Addiction to Self-Judgment and Self-Deprecation
Editor's Note: Comedians often use self-deprecating humor as the basis for their routine. But there are many people who use self-judgment (actually judging themselves) as a way to protect themselves from outside judgment or as a motivational tool.
Self-judgment and self-deprecation can be destructive however. Both to the person and to their relationships. Dr. Paul works identifies self-judgment and the causes, and how to work through it.
Addiction to Self-Judgment
by: Margaret Paul, Ph.D.
“I’m such a jerk. How could I have said that?”
“I’m a looser. I’ll never get anywhere.”
“I’m so stupid. I should have learned this by now.”
“I don’t fit in. I don’t belong with these people.”
“I’ll never be good enough. I’ll never do it right enough.”
“I’m permanently emotionally damaged. I’ll never be okay.”
“No one could love me. I’m not lovable.”
…and so on and so on.
Are you aware of your self-judgments? Are you aware of how often you judge yourself as bad, wrong, or inadequate? Are you aware of how you end up feeling as a result of your self-judgments?
In my counseling work with people, I find that self-judgment is one of the major causes of fear, anger, anxiety and depression. Yet most people don’t realize that these painful feelings are the result of their own thoughts, their own self-judgments.

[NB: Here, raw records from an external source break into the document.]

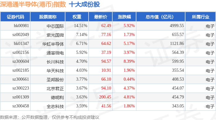 深港通半导体(港币)(983068)指数十大成份股详情如下:
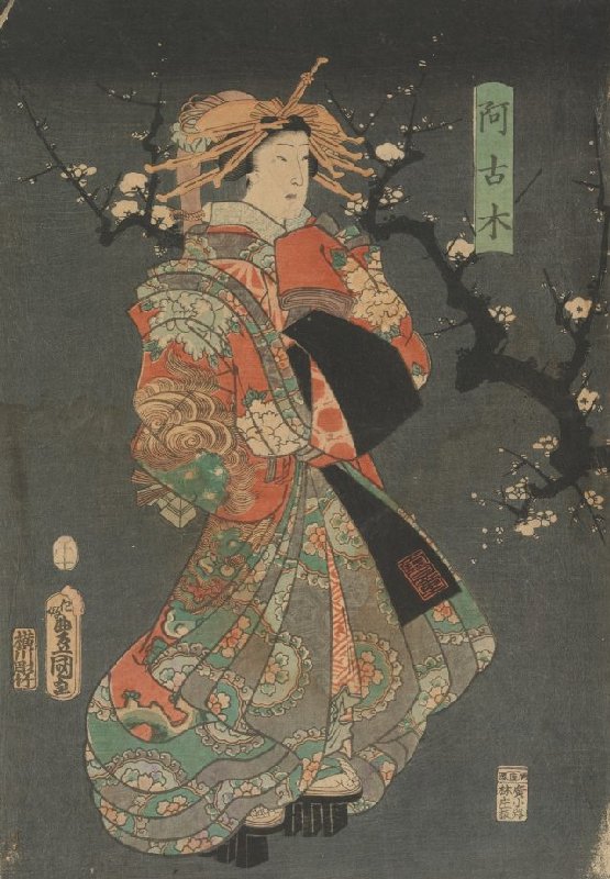 Enjoying Plum Blossom Viewing in the Spring Haze, the Courtesan Akogi, left sheet of a triptych
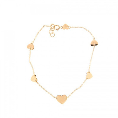 Bracciale in oro rosa 1.60 gr con 5 cuori a lastra
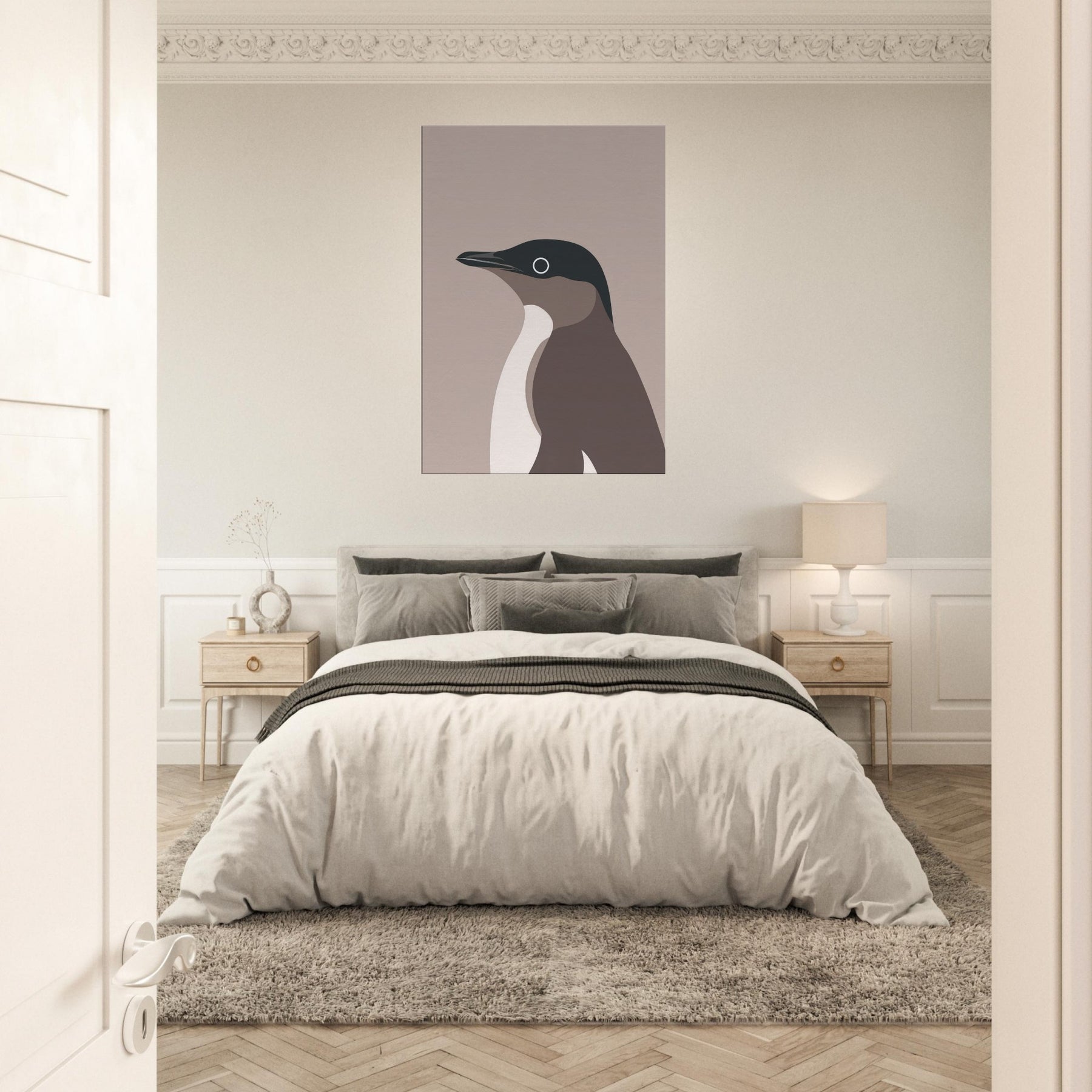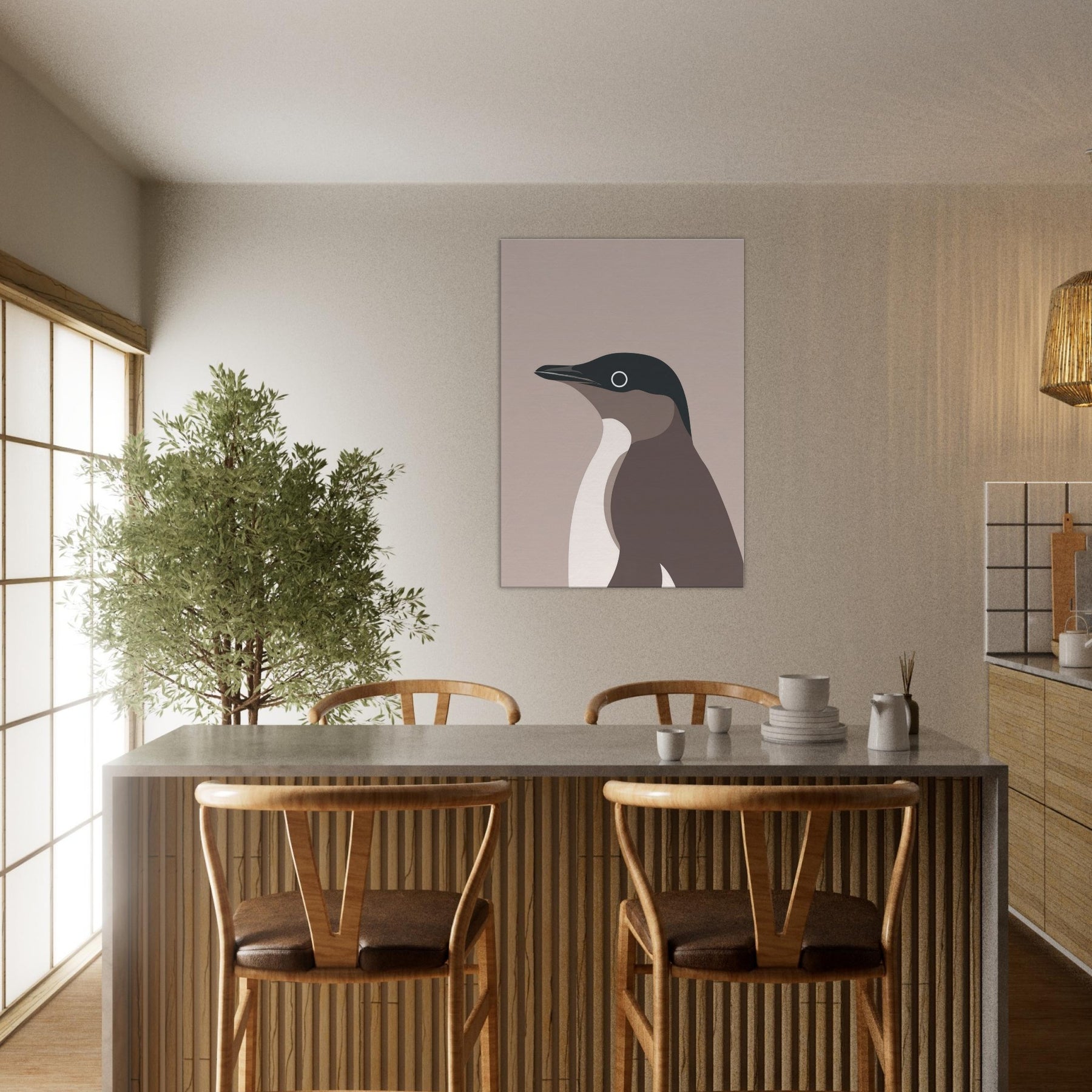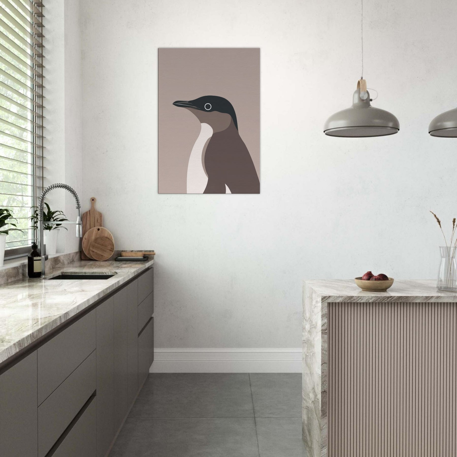 Feel the hush of a frosted morning with this minimalist penguin art, where simple shapes carve a quiet, confident presence in any room. The restrained palette deep slate, warm taupe, and creamy ivory balances space and light, inviting reflection rather than loud proclamation. Hung in a living room or study, it creates a calm focal point that enhances textures, fabrics, and natural wood. This penguin speaks in soft tones, a subtle reminder of resilience and grace in everyday life.
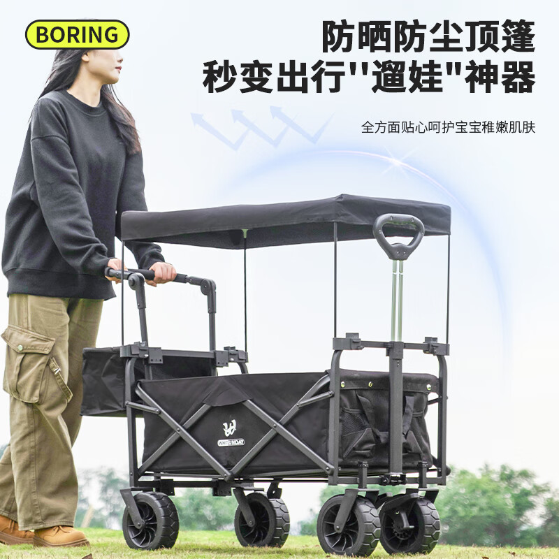 疆屿露营车户外折叠车营地车儿童可躺旅行车遛娃配件选配套餐 黑色遮阳棚+雨棚 聚拢MAX款
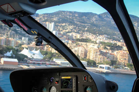 Panoramic view of Monaco and sea coast from mountain top. Cityscape from above

Most of the time, when I ask an anxious client why they are feeling anxious, they tell me that it’s because of something that happened to them.
They usually believe that an event or a person caused their anxiety. Yet when I ask them what they are thinking that might be causing their anxiety, they will tell me a self-judgment such as, “I’ll never get this right,” or they are projecting their own judgment onto me and telling themselves, “Margaret doesn’t like me,” or “Margaret is getting impatient with me.”
When they judge themselves or make up that I’m judging them, they get anxious. There is nothing actually happening that is causing their anxiety, other than their own thoughts.
Pointing out to them that they are causing their anxiety with their self-judgment doesn’t not necessarily stop the judgment. This is because self-judgment is often an addiction. An addiction is a habitual behavior that is intended to protect against pain. What is the pain that self-judgment is intended to protect against?
Generally, the hope of self-judgment is to protect against rejection and failure. The false beliefs are that, “If I judge myself, then others won’t judge me and reject me. I can be safe from others’ judgment by judging myself first,” or “If I judge myself, I can motivate myself to do things right and succeed. Then I will feel safe and be loved and accepted by others.”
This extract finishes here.